A projectile is shot at a velocity of 15 m/s and an angle of pi/12 . What is the projectile's maximum height?

2 Answers
Nov 5, 2017

0.77 m

Explanation:

sin(π/12) = (sqrt(3)-1) / (2sqrt(2))

H = (u^2 sin^2 θ)/(2g)

H = ((15ms^-1)^2 × sin^2(π/12))/(2 × 9.8 ms^-2)
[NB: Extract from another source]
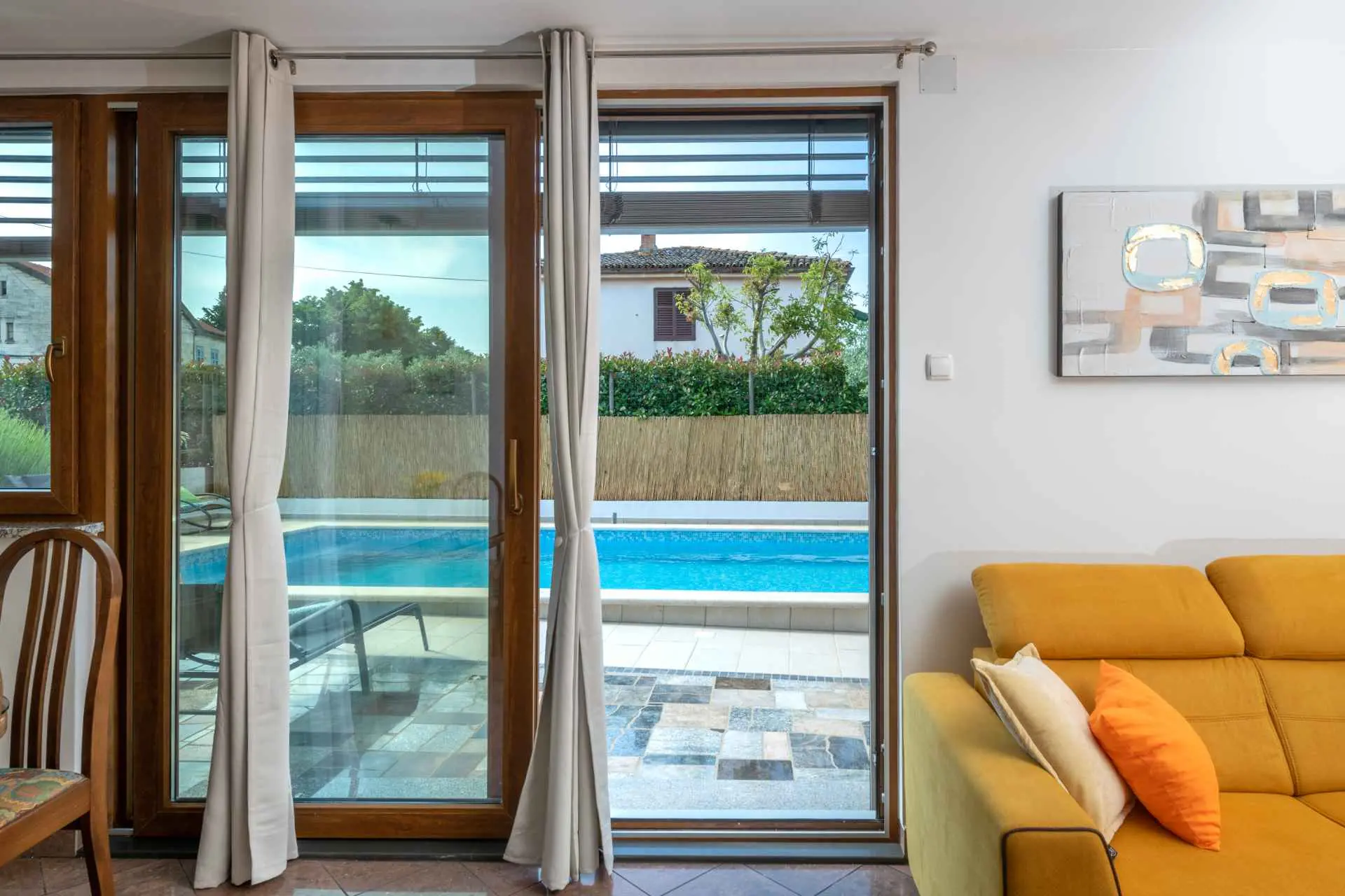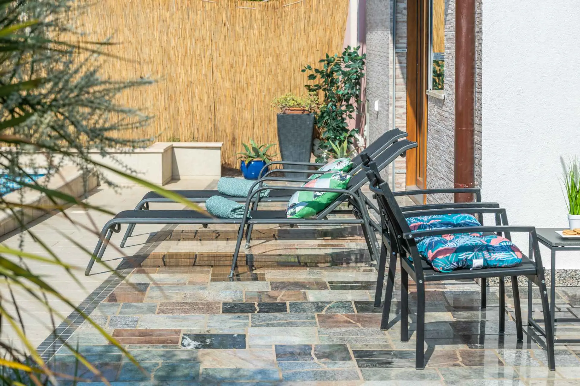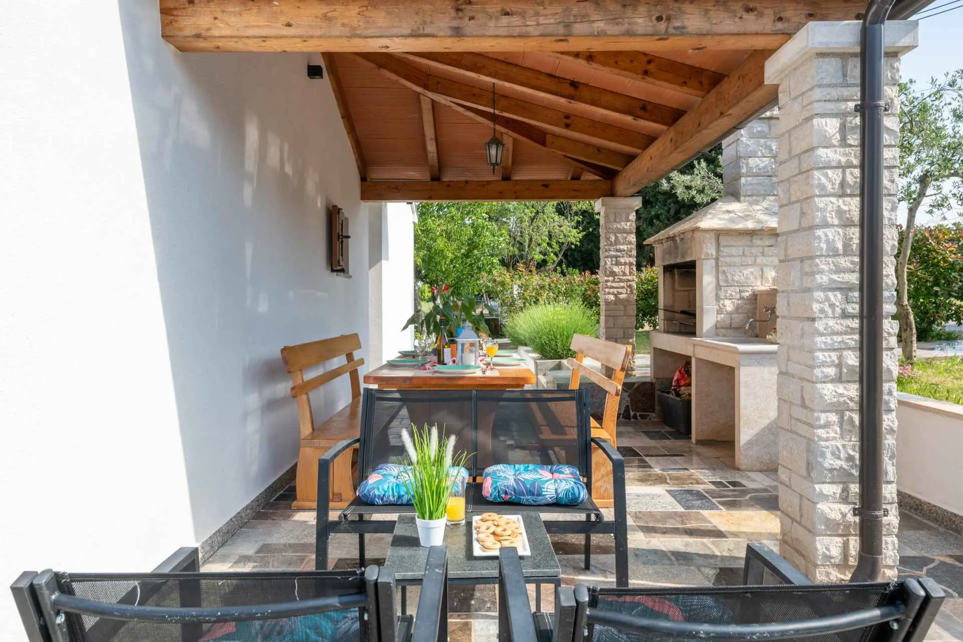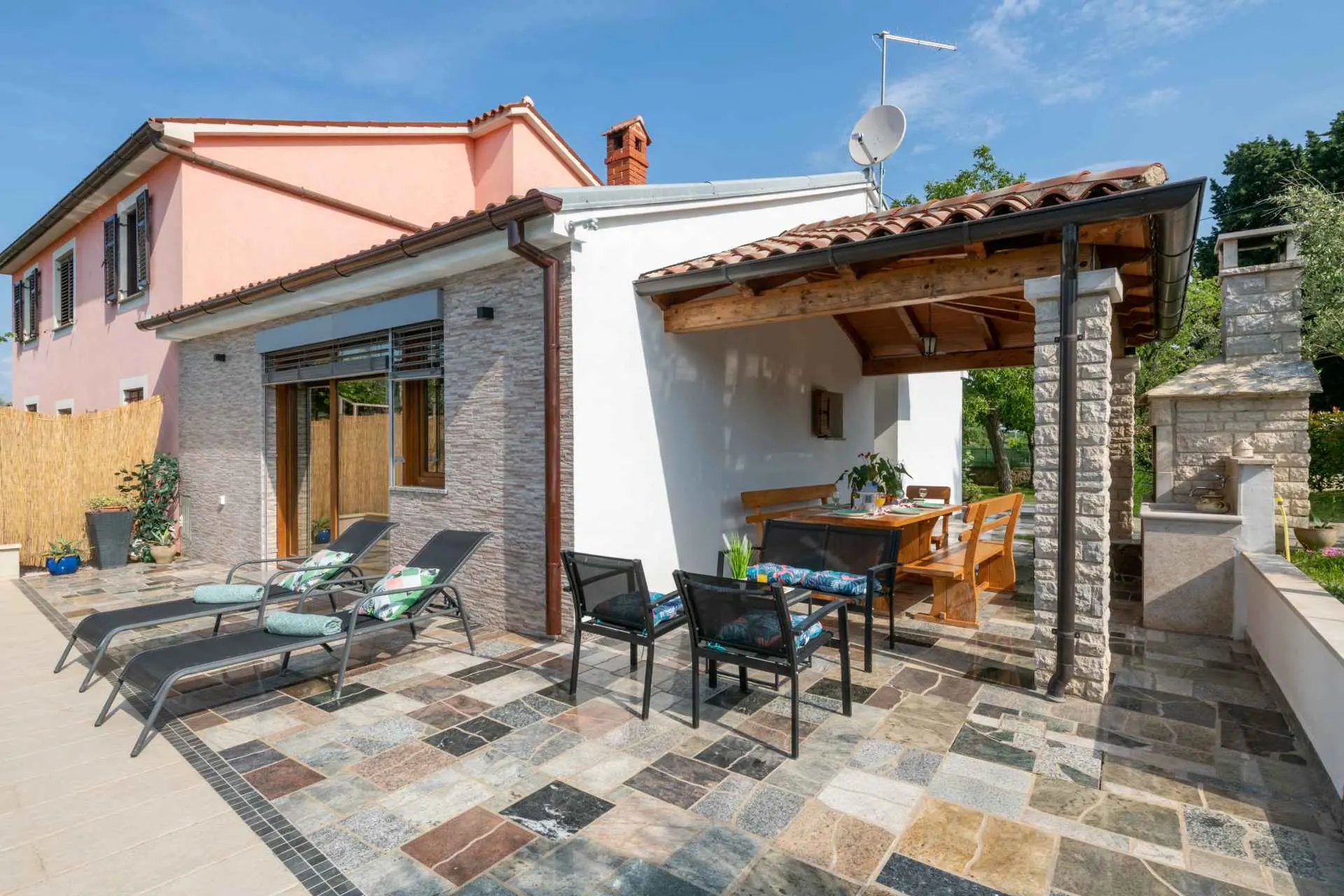 Discover Charming Holiday Home Mare, a family-friendly retreat nestled in the picturesque town of Vodnjan. This spacious 85m² house comfortably accommodates up to 5 guests, offering a perfect blend of comfort and convenience for families and friend groups. The house boasts a private swimming pool spanning 32m², providing a delightful space for relaxation and fun. Enjoy the beautifully landscaped garden and furnished terrace, ideal for outdoor dining and socialising. The fenced plot ensures privacy and safety for families with children. Inside, you'll find three well-appointed bedrooms featuring a mix of double, king-size, and individual beds. The American-style kitchen is fully equipped with modern appliances, including a dishwasher, oven, microwave, and coffee machine, allowing you to prepare delicious meals with ease. The living area features a smart TV with multiple language options and a cosy fireplace for those cooler evenings. Practical amenities include air conditioning in the lounge, free WiFi, and a private bathroom with a shower. Outdoor enthusiasts will appreciate the BBQ area, bicycle parking, and sunloungers. The house provides essential items like a travel crib, ironing board, and cleaning products to ensure a comfortable stay. Located just 600 metres from the town centre, supermarket, restaurants, and bus stop, house Mare offers convenient access to local attractions. The rock beach is a short 7.2 km away, perfect for day trips. With private parking for three vehicles and a designated smoking area, this house promises a memorable and comfortable holiday experience.

H = ((15 ms^-1)^2 × ((sqrt(3)-1)/(2sqrt(2)))^2)/(2 × 9.8ms^-2)

H = (225 × (3 + 1 - 2sqrt(3))/(4 × 2))/(2 × 9.8)m

H = (225 × (4 - 2sqrt(3))/8)/(19.6)m = 0.77m (rounded to 2 significant figures)

Nov 5, 2017

The maximum height is 0.77 m.

Explanation:

Here,
v_o=15m/s
Theta_o=pi/12 or 15^o
2D motion is made up of two independent 1D motion i.e vertical component and horizontal component.
Hence,
Vertical component be like,
v_"0v"=15sintheta_0
v_"0v"=15sin15^o
:.v_"0v"=3.88m/s
We know at maximum height vertical velocity is equal to zero. So,
V_"fv"=v_"0v"-g*t
Or, 0=3.88m/s-9.8t
Calculate the value of time (t) which is 0.39s
Which means at 0.39s the projectile will achieve its maximum height.
So,
y=y_0+(v_"0v")*(t)-(1//2)g*t^2
Or, y=0+(3.88m/s)(0.39s)-(1//2)(9.8m/s^2)(0.39s)^2
Calculate the value which is 0.77m which is the maximum height.